EXERCISE
Produce as output only the lines below starting at the line with "FreshDiagnose имеет интуитивно" and continuing through the line with "The longest race", each one exactly as written.

STUDY MATERIAL

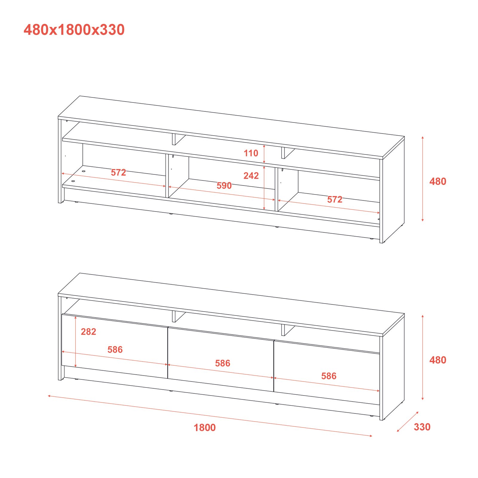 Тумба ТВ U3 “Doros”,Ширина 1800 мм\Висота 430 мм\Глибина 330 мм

==

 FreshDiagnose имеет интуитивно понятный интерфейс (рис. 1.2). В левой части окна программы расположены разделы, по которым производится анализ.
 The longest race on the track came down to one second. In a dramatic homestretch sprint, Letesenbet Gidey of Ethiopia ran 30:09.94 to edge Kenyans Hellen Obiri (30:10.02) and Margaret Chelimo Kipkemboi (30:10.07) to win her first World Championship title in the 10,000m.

REPLY
 FreshDiagnose имеет интуитивно понятный интерфейс (рис. 1.2). В левой части окна программы расположены разделы, по которым производится анализ.
 The longest race on the track came down to one second. In a dramatic homestretch sprint, Letesenbet Gidey of Ethiopia ran 30:09.94 to edge Kenyans Hellen Obiri (30:10.02) and Margaret Chelimo Kipkemboi (30:10.07) to win her first World Championship title in the 10,000m.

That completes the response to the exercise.